ECE425 Analysis and Design of Analog IC - Operational Amplifier Design (Fall2015)¶

Introduction¶

In this project, we are asked to design an Operational Amplifier with some specific requirements. The operational amplifier is a theoretical component that should have infinity input impedance and zero output impedance. At the same time, it should have infinity open-loop gain. One can do a lot of designs such as filter, adder, multiplier with Operational Amplifier. But in the real world, the operational amplifier will never be theoretical since all the parameters cannot go to zero or infinity.

I designed a two-stage CMOS Opamp (Operational Amplifier) with 65 ns Technology in this project. The schematic of the design can be shown in Figure 1.

Figure 1. Two stage CMOS Opamp.¶

Compare to conventional Opamp, this kind of schematic has a robust bias circuit (including M8 and M10 – M14), which will offer a very stable ID5 compare to a single resister. In the middle stage is a standard NMOS differential amplifier. The top M3 and M4 is a typical current mirror, and this current mirror will split ID5 and make sure M1 and M2 are in working mode. The WL ratio of M3 and M4 will mainly affect the input common-mode range. M1 and M2 are the main amplifier transistor at this level. Different M1 M2 will give us different Gain Bandwidth. M5 is the pull-down circuit, with the help of the bias circuit, it can offer a known ID5 to the differential amplifier. Stage 3, including M6 and M7 is an output buffer. M6 is working as a Common Source amplifier. Together with M1 and M2, it can give us around 60 DC gain. M9 and Cc is the compensation feedback component. Different M9 and Cc will give us different Phase margin and bandwidth. The design procedure of all these components will be included in detail in the following section.

While I was designing the amplifier, I found many limitations of Opamp. And also, I found some efficient design methods by working with MATLAB and Microsoft EXCEL.

Calculations¶

In order to calculate the frequency and gain response, one need small-signal equivalent circuit. Figure 2 shows the small signal equivalent circuit of the CMOS Opamp in Figure 1.

Figure 2. Small signal equivalent circuit.¶

By listing the KCL and KVL of the small signal equivalent circuit, we can know the transfer function of the circuit.
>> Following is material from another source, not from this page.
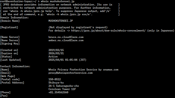 $> whois wikipedia.org NOTICE: Access to .ORG WHOIS information is provided to assist persons in determining the contents of a domain name registration record in the Public Interest Registry registry database. The data in this record is provided by Public Interest Registry for informational purposes only, and Public Interest Registry does not guarantee its accuracy. This service is intended only for query-based access. You agree that you will use this data only for lawful purposes and that, under no circumstances will you use this data to: (a) allow, enable, or otherwise support the transmission by e-mail, telephone, or facsimile of mass unsolicited, commercial advertising or solicitations to entities other than the data recipient's own existing customers; or (b) enable high volume, automated, electronic processes that send queries or data to the systems of Registry Operator or any ICANN-Accredited Registrar, except as reasonably necessary to register domain names or modify existing registrations. All rights reserved. Public Interest Registry reserves the right to modify these terms at any time. By submitting this query, you agree to abide by this policy. Domain ID:D51687756-LROR Domain Name:WIKIPEDIA.ORG Created On:13-Jan-2001 00:12:14 UTC Last Updated On:02-Dec-2009 20:57:17 UTC Expiration Date:13-Jan-2015 00:12:14 UTC Sponsoring Registrar:GoDaddy.com, Inc. (R91-LROR) Status:CLIENT DELETE PROHIBITED Status:CLIENT RENEW PROHIBITED Status:CLIENT TRANSFER PROHIBITED Status:CLIENT UPDATE PROHIBITED Registrant ID:CR31094073 Registrant Name:DNS Admin Registrant Organization:Wikimedia Foundation, Inc. Registrant Street1:149 New Montgomery Street Registrant Street2:Third Floor Registrant Street3: Registrant City:San Francisco Registrant State/Province:California Registrant Postal Code:94105 Registrant Country:US Registrant Phone:+1.4158396885 Registrant Phone Ext.: Registrant FAX:+1.4158820495 Registrant FAX Ext.: Registrant Email:dns-admin@wikimedia.org Admin ID:CR31094075 Admin Name:DNS Admin Admin Organization:Wikimedia Foundation, Inc. Admin Street1:149 New Montgomery Street Admin Street2:Third Floor Admin Street3: Admin City:San Francisco Admin State/Province:California Admin Postal Code:94105 Admin Country:US Admin Phone:+1.4158396885 Admin Phone Ext.: Admin FAX:+1.4158820495 Admin FAX Ext.: Admin Email:dns-admin@wikimedia.org Tech ID:CR31094074 Tech Name:DNS Admin Tech Organization:Wikimedia Foundation, Inc. Tech Street1:149 New Montgomery Street Tech Street2:Third Floor Tech Street3: Tech City:San Francisco Tech State/Province:California Tech Postal Code:94105 Tech Country:US Tech Phone:+1.4158396885 Tech Phone Ext.: Tech FAX:+1.4158820495 Tech FAX Ext.: Tech Email:dns-admin@wikimedia.org Name Server:NS0.WIKIMEDIA.ORG Name Server:NS1.WIKIMEDIA.ORG Name Server:NS2.WIKIMEDIA.ORG Name Server: Name Server: Name Server: Name Server: Name Server: Name Server: Name Server: Name Server: Name Server: Name Server: DNSSEC:Unsigned

$\frac{V_{A}}{\frac{1}{S C_{1}}}+\frac{V_{A}}{R_{A}}+g_{m 1} V_{i d}+\frac{V_{A}-V_{o u t}}{\frac{1}{S C_{c}}}=0$

$V_{o u t}\left[s\left(C_{L}+C_{c}\right)+R_{B}\right]=V_{A}\left(s C_{c}-g_{m 2}\right)$

We can derive the transfer function from these two equations.

$\frac{V_{\text {out}}}{V_{\text {in}}}=\frac{g_{m 1} R_{A} g_{m 2} R_{B}\left(1-\frac{S C_{C}}{g_{m 2}}\right)}{s^{2}\left\{R_{A} R_{B}\left(C_{1} C_{2}+C_{1} C_{c}+C_{2} C_{c}\right)+s\left[R_{A}\left(C_{c}+C_{2}\right)+R_{A}\left(C_{c}+C_{2}\right)+C_{c} g_{m 2} R_{A} R_{B}\right]+1\right.}$

Compare to the standard two stage Opamp transfer function. We can know the poles and zeros of the Opamp.

$Z=\frac{g_{m 2}}{C_{c}}$

$P_{1}=\frac{1}{g_{m 2} R_{A} R_{B} C_{c}}$

$P_{2}=\frac{g_{m 2}}{C_{c}}$

$A_{d c}=g_{m 1} R_{A} g_{m 2} R_{B}$

After knowing these very important equations of an Opamp circuit, we can start to calculate the parameters of the components in our circuit. Following is the most useful equations while I do the calculation.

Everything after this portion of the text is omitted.